Thanks for the replies guys. I understand the information that can be obtained through these stolen bank accounts can be bought and sold and used for all sorts of unscrupulous acts. But to be more specific the area I need help on is the following. Say the attackers successfully obtained my grandmothers details. And she had no clue her account was comprimised. They wouldn't leave any money she had in there, they would take it. How do they do this so they wont be caught?
For example: "They get away with credit card theft because they steal the details from across the ocean. They use cafe's for their internet so that the ip cant be linked back to them and they trick innocent people into accepting the stolen goods and re-shipping it to a general pickup point wherever they live, so they are never seen or have any direct contact with the stolen merchandise."
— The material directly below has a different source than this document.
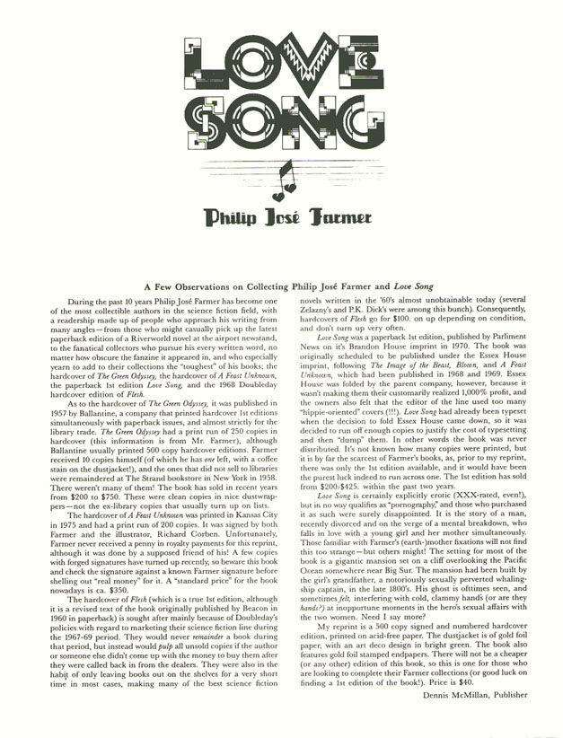 This book was originally submitted to Essex House (IMAGE OF THE BEAST, BLOWN, A FEAST UNKNOWN) but they went out of business before it was printed. Jack Weston has some unusual sexual adventures with a beautiful young woman, and her mother. He barely escapes with his life. The two hardcover dust jackets are foil and very hard to scan. The first state jacket is gold foil, the lines and notes are in dark green with a lighter green shadow. The second state jacket is a lighter foil color and the lines, notes and lettering are in the lighter green color with no shadows. As far as we can tell, there is no set pattern as to which books have the 1st state jacket: (4, 9, 72, 121, 128, 146, 228, 276, 397, 456, 477, 483) and which have the 2nd state jacket: (90, 190, 194, 279, 301, 336, 347, 349, 365, 376, 412). If you have a copy of the hardcover, please email Mike with the number and dust jacket state.

Then I have all bases covered for what happens to your information after it is comprimised. I did read there are multiple 'anonymous' money transfer companies, maybe thats how they do it? Or maybe an offshore bank account? I have no clue how this works but any more insight would be great.
A recent thing way of stealing someones money that I've seen lots of is setting up online gaming accounts were money is bet (such as poker) and then bringing the persons account into the game and loosing a fair chuck of money to an account you set up a while ago. Then you could play games with other people on both accounts to obscure it, and even have the money transfered over multiple accounts this way or then transfer it again through pay pal or donate money to a few random websites, one of them being yours. If you spread the money out enough, dont do it often, and change your methods often, it would become very hard to track someone through a network of mostly dead ends where money was transfered through many different accounts and pay methods. This way a majority of the money won't end up yours, but its one of the safest methods I've seen so far.
Another way it can be done, Theoretically is using eBay.
I set up two accounts, one being a seller account and another being an account with your grandmothers details and bank account details attached.
I put up for sale a phone or HDTV, something expensive. Buy it with the grandmothers account and send payment. On the sellers account I accept the payment and mark the goods as sent, Log back into the grandmothers account and mark it as Item received.
No goods exchanged hands but ebay don't know this. The money is transfered and the seller can claim complete deniability about everything, claiming he was just selling a phone and sent it out ect.
How well this would work, I wouldn't know. Proxies would have to be used so paypal/bank and ebay couldn't link the two accounts through the IP's that logged them in.
;D
The second link I posted: http://computer.howstuffworks.com/efencing.htm goes into using sites like eBay to fence stolen goods. It's basically what Mosh and Freq are talking about.
MoshBat wrote: eBay isn't used for fraud that much, paypal is usually required, and that's too much work to set up quickly…
You're right, that's why the more successful phishing scams are usually pulled off by a group of people. Each person performing a specific task to streamline the operation. One person trying to accomplish all the aspects of phishing would indeed be a tremendous pain in the ass.
Phishing Exposed: http://books.google.com/books?id=kRFKA7hkyUEC&printsec=frontcover&dq=phishing+exposed#v=onepage&q=&f=false
That book has all the information needed to write a report on phishing.
Goods can be delivered to a dropbox rented in a fake name, giving total anonymity for high value goods to be delivered. Kids can then sometimes be used to pick up the goods.
By offering a kid outside £20 to get a package out of a dropbox, if the kid gets caught he doesn't know who you are, if they don't get caught, they get £20 out of it.